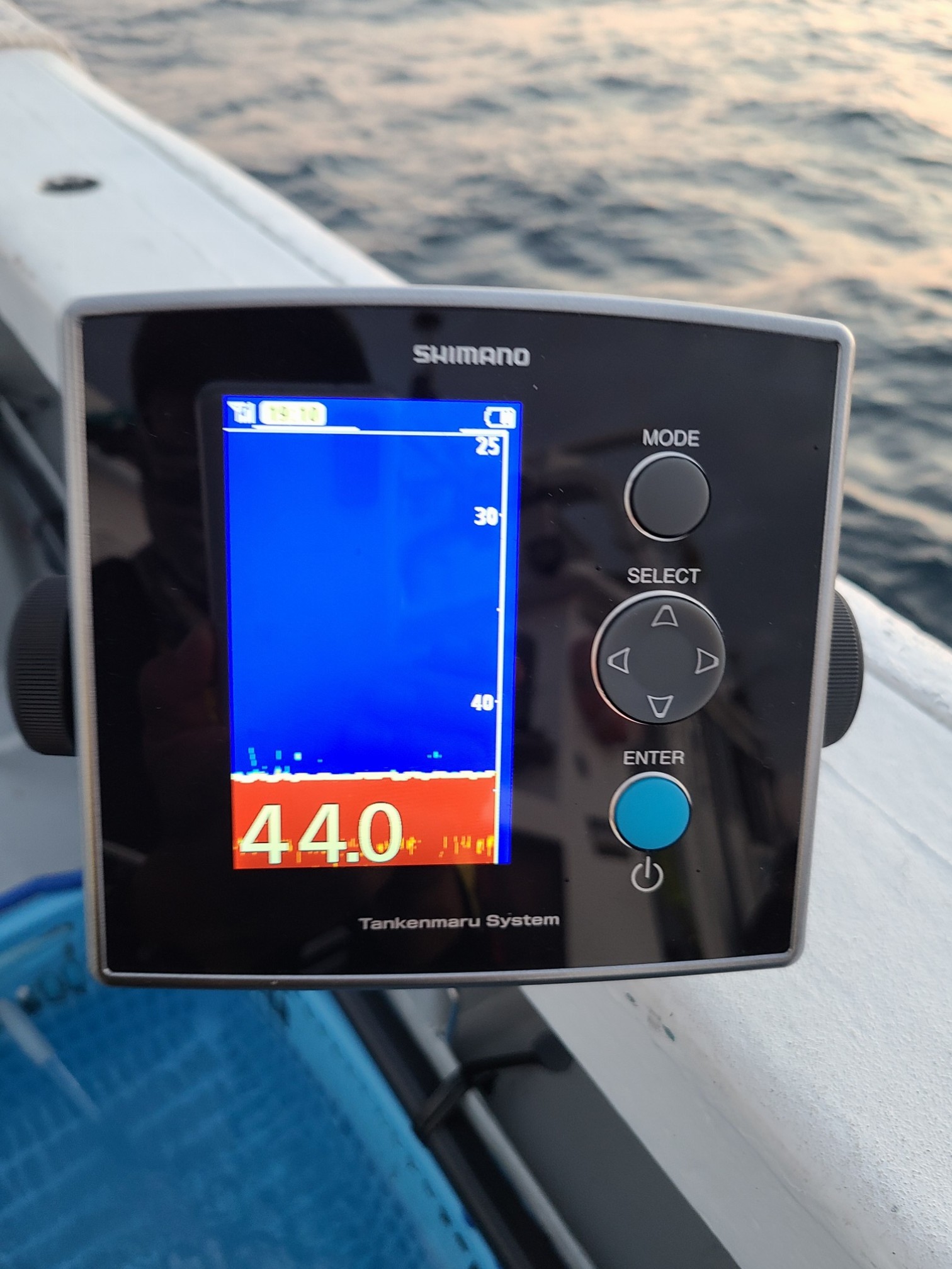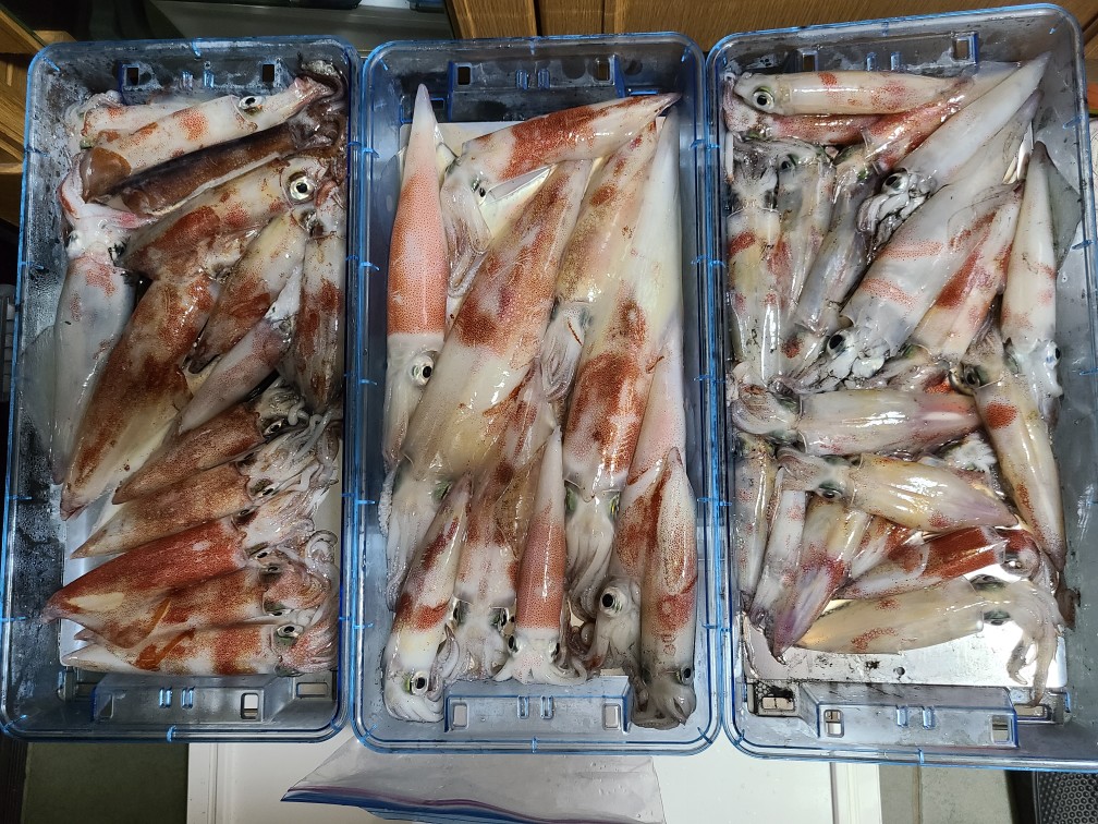 ポイントは越前沖で港から10分程で到着!!出船が18:00でしたので最初は、水深44メートルのボトム付近を探るもマイカからの返事も無く時間だけが過ぎていきましたが、20:00頃からマイカからの返事が届くようになりアタリの棚も35メートル位から20メートル位の間で続き活性も良く楽しめました。水深も比較的に浅いのでナマリスッテも15号メインでいけます。今回のヒットカラーは、赤緑・赤黄・紫でした。探検丸を初めて使いましたが手元で海中が見られて大変便利でした。
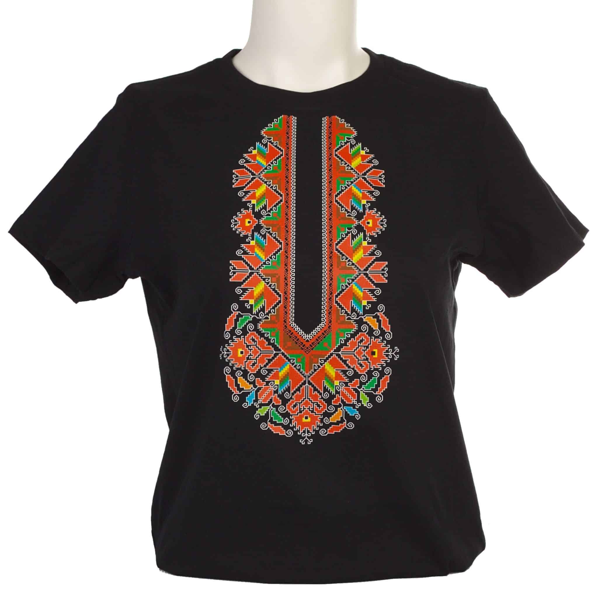 Дамска памучна тениска с дигитален печат шевица -черна, по мотив Лазарки. Тениската с шевица, черна на цвят и е изработена от 100% памучна мека материя. Дизайнът на шевицата е изцяло авторска разработка на Елисавета Йорданова. Цветовете на печата са ярки и наситени. Шевицата е отпечана посредством технологията DTF – Direct To Film. Тази технология осигурява устойчивост при пране и надраскване. Чрез този вид печат се постига много прецизно фотографско качество. Тениската е много подходяща за работна униформа за персонал в заведения за хранене, в магазини или за облекло на фолклорни ансамбли, екскурзоводи. Идеална е също за подарък на ваша близка. Този модел дамска тениска с шевица-черна, се предлага и в бял цвят. Предлагаме също мъжки варианти – бяла и черна тениска с шевица по мотив Дървото на живота. За малчуганите можете да поръчате и детски тениски с шевица Лазарки, или с шевица Дървото на живота.
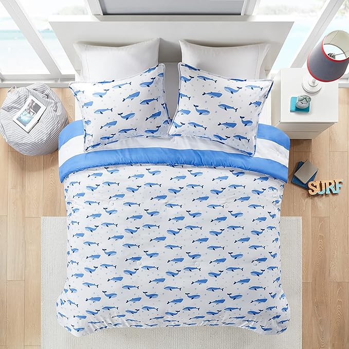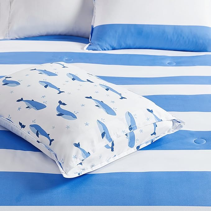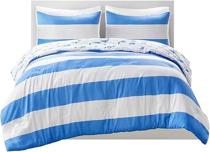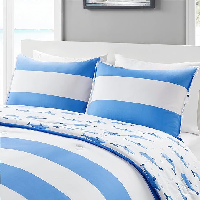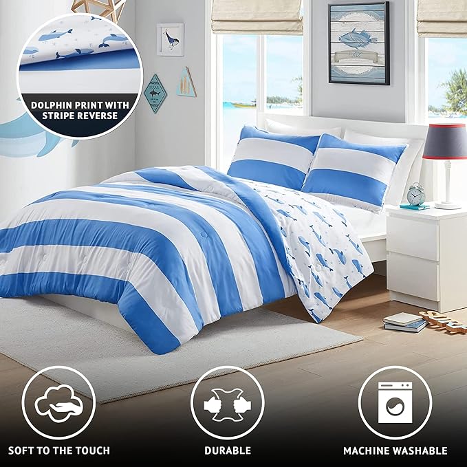 Mizone Kids Blake Reversible Dolphin Comforter Set - Adventure Animal Adorable Print with Stripe Reverse, Fun Bedroom Décor, Modern All Season Kids Bedding, Matching Sham, Blue 2 Piece, Full/Queen
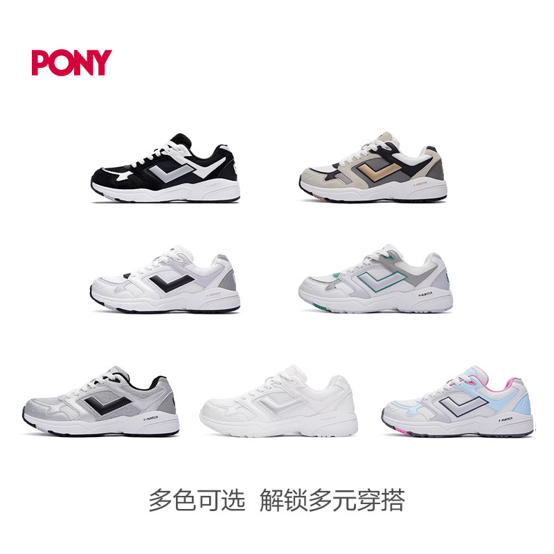 PONY男女同款老爹鞋运动跑步鞋复古网面休闲透气厚底
========================================
- [Work required]: Give the data again exactly as written, with no pictures included.

- [Answer to this problem]:
 ポイントは越前沖で港から10分程で到着!!出船が18:00でしたので最初は、水深44メートルのボトム付近を探るもマイカからの返事も無く時間だけが過ぎていきましたが、20:00頃からマイカからの返事が届くようになりアタリの棚も35メートル位から20メートル位の間で続き活性も良く楽しめました。水深も比較的に浅いのでナマリスッテも15号メインでいけます。今回のヒットカラーは、赤緑・赤黄・紫でした。探検丸を初めて使いましたが手元で海中が見られて大変便利でした。
 Дамска памучна тениска с дигитален печат шевица -черна, по мотив Лазарки. Тениската с шевица, черна на цвят и е изработена от 100% памучна мека материя. Дизайнът на шевицата е изцяло авторска разработка на Елисавета Йорданова. Цветовете на печата са ярки и наситени. Шевицата е отпечана посредством технологията DTF – Direct To Film. Тази технология осигурява устойчивост при пране и надраскване. Чрез този вид печат се постига много прецизно фотографско качество. Тениската е много подходяща за работна униформа за персонал в заведения за хранене, в магазини или за облекло на фолклорни ансамбли, екскурзоводи. Идеална е също за подарък на ваша близка. Този модел дамска тениска с шевица-черна, се предлага и в бял цвят. Предлагаме също мъжки варианти – бяла и черна тениска с шевица по мотив Дървото на живота. За малчуганите можете да поръчате и детски тениски с шевица Лазарки, или с шевица Дървото на живота.
 Mizone Kids Blake Reversible Dolphin Comforter Set - Adventure Animal Adorable Print with Stripe Reverse, Fun Bedroom Décor, Modern All Season Kids Bedding, Matching Sham, Blue 2 Piece, Full/Queen
 PONY男女同款老爹鞋运动跑步鞋复古网面休闲透气厚底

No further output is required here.